Material for the task:
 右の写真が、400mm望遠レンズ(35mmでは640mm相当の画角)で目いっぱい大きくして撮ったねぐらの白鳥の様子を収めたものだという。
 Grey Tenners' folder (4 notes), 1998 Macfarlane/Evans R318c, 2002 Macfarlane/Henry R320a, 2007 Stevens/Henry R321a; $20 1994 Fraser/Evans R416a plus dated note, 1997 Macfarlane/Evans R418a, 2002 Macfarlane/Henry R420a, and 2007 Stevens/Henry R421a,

* * *

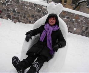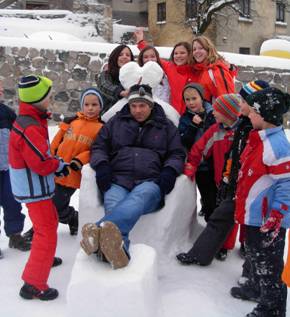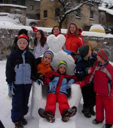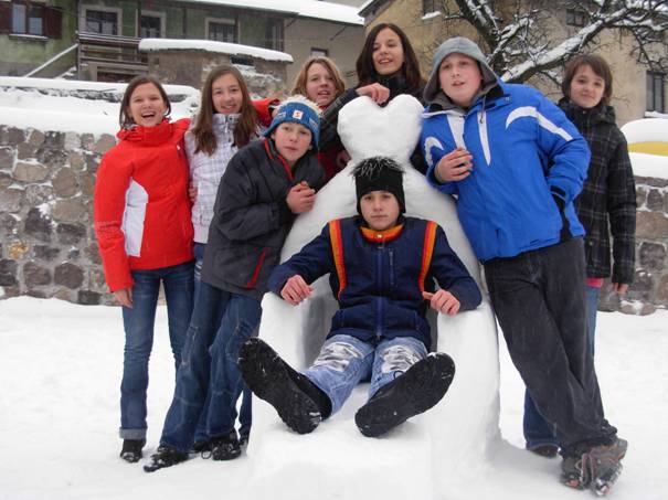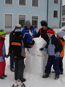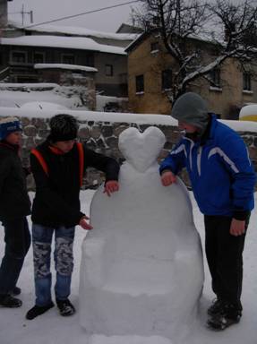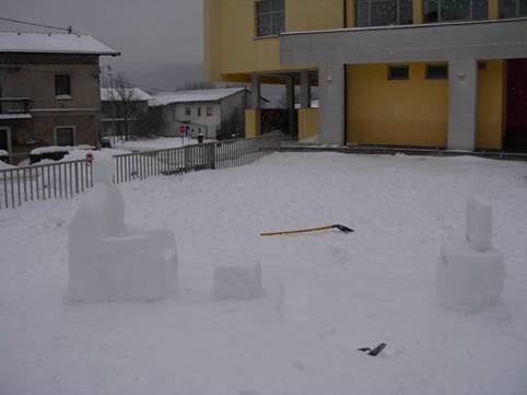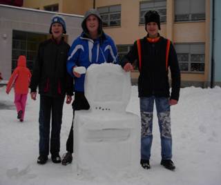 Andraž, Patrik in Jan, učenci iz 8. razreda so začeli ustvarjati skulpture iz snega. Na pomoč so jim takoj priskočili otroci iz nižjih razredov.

Action item: Using only the entries above, output the line with "右の写真が、400mm望遠レ", the line with "Grey Tenners' folder", and all lines between them, exactly as they stand.

Solution for this exercise:
 右の写真が、400mm望遠レンズ(35mmでは640mm相当の画角)で目いっぱい大きくして撮ったねぐらの白鳥の様子を収めたものだという。
 Grey Tenners' folder (4 notes), 1998 Macfarlane/Evans R318c, 2002 Macfarlane/Henry R320a, 2007 Stevens/Henry R321a; $20 1994 Fraser/Evans R416a plus dated note, 1997 Macfarlane/Evans R418a, 2002 Macfarlane/Henry R420a, and 2007 Stevens/Henry R421a,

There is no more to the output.